━━ Records for processing ━━

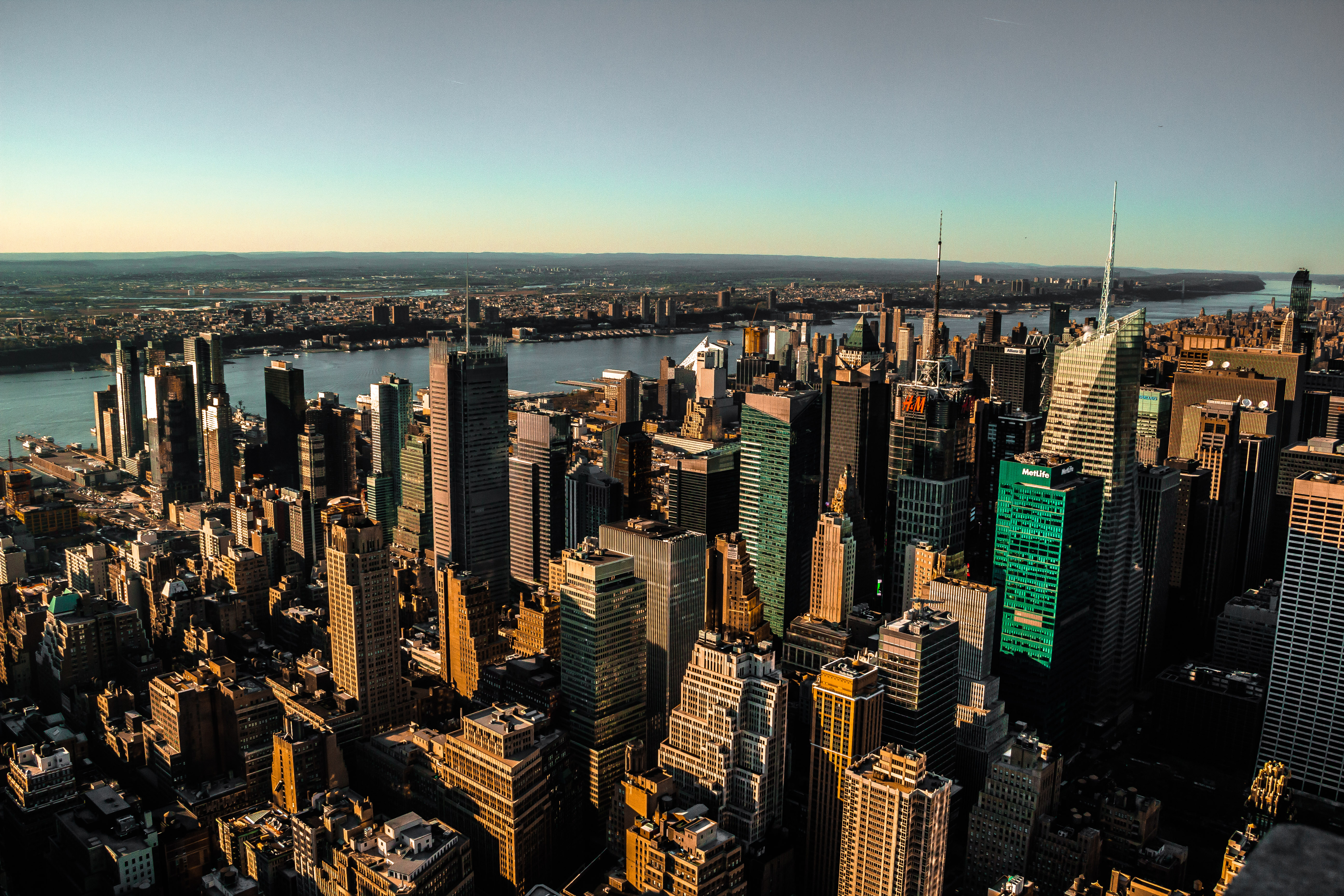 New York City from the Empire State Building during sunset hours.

━━━
━━ Records for processing ━━

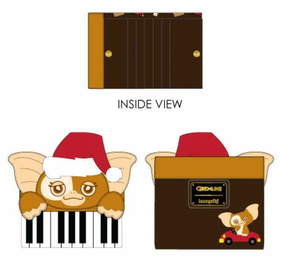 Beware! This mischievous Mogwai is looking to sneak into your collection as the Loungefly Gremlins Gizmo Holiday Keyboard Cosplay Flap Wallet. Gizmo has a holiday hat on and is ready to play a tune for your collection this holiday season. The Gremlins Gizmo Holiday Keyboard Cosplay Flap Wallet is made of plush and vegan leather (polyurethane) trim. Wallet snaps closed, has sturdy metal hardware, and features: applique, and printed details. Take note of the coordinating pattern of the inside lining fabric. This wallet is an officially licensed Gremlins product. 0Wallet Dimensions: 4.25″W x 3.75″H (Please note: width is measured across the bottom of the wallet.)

━━━
━━ Records for processing ━━

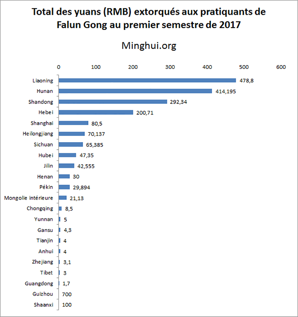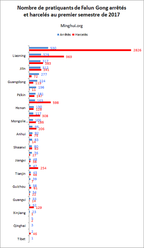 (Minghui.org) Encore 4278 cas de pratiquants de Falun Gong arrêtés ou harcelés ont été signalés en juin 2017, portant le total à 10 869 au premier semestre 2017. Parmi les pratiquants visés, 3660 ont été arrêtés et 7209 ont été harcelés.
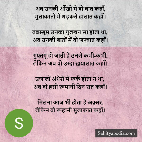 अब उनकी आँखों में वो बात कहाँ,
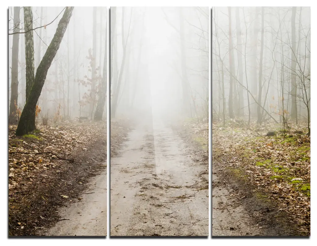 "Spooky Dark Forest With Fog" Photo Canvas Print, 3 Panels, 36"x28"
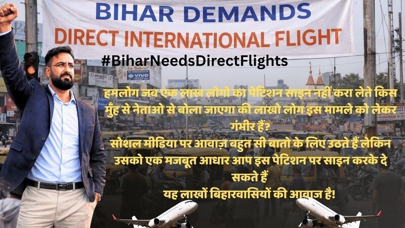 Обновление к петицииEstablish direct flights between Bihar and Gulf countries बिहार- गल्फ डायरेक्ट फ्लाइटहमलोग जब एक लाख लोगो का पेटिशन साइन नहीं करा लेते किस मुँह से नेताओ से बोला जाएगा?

━━━

◆ Task: Look through the material above. Transcribe exactly the lines between the ones with "अब उनकी आँखों" and "Обновление к петицииEstablish", inclusive, and keep pictures out.

◆ Solution below:
 अब उनकी आँखों में वो बात कहाँ,
 "Spooky Dark Forest With Fog" Photo Canvas Print, 3 Panels, 36"x28"
 Обновление к петицииEstablish direct flights between Bihar and Gulf countries बिहार- गल्फ डायरेक्ट फ्लाइटहमलोग जब एक लाख लोगो का पेटिशन साइन नहीं करा लेते किस मुँह से नेताओ से बोला जाएगा?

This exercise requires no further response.